Digital banks usually publish transfer fees clearly before execution. Many also reduce or remove intermediary deductions by using local payment rails where possible. For finance teams, this means fewer surprises and cleaner reconciliation. That said, transfer fees are rarely the largest cost driver on their own.

FX costs and rate transparency

Foreign exchange is where costs quietly compound.

Traditional banks typically embed FX margins directly into the exchange rate rather than listing them as a separate fee. On paper, a transfer may have a fair charge. In reality, a less favourable rate can cost far more than the stated fee, especially at scale.

An analysis by the European Central Bank shows that across nearly one-quarter of global payment corridors, total cross-border costs still exceed 3% of transaction value, with FX margins accounting for a significant share of those costs.

Digital banks separate FX costs from transfer fees and show rates clearly at the point of conversion. Many also allow businesses to hold foreign currencies and choose when to convert, rather than forcing conversion at the moment of payment.

For businesses moving large volumes or operating on tight margins, visibility into FX pricing often matters more than shaving a few pounds off a transfer fee.

2. Payment speeds and settlement times

Speed affects more than convenience. It influences cash flow, supplier confidence and the reliability of finance teams’ planning.

Payment speed with traditional banks

Traditional banks route most international payments through correspondent banking networks. These systems rely on:

  • Fixed daily cut-off times
  • Batch processing rather than continuous execution
  • Manual or semi-manual compliance checks

Missing a cut-off can delay a payment by an entire business day. Public holidays in intermediary countries can add further delays. Even when banks advertise same-day or next-day payments, international settlement often takes longer in practice.
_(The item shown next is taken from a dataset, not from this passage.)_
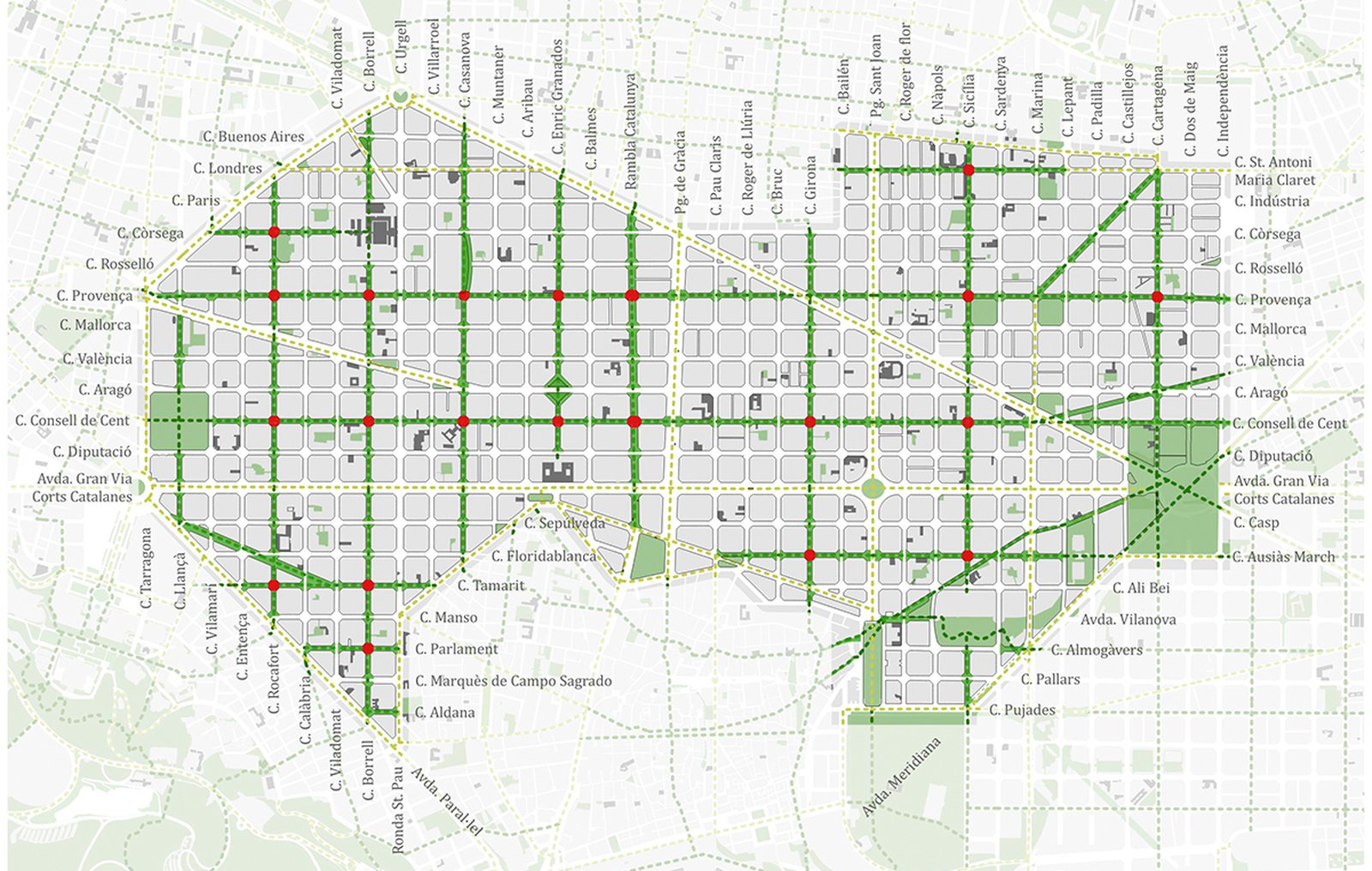 A proposta das Superilles procura reorganizar a mobilidade para reduzir o tráfego de veículos e criar uma rede de ruas verdes e novas praças. O objetivo principal é garantir que todos os moradores tenham uma praça ou rua verde a no máximo 200 metros de suas casas, ampliando significativamente os espaços de convivência, lazer e descanso, sobretudo na área central do distrito.

According to the European Central Bank, around one-third of retail cross-border payments still take longer than one business day to settle, even before factoring in public holidays or intermediary delays.

For finance teams, this introduces uncertainty. Payments leave the account, but funds may not arrive for several days, with limited visibility in between.

Payment speed with digital banks

Digital banks typically process payments continuously rather than in batches. By using local clearing systems where possible, they can credit funds to the destination faster.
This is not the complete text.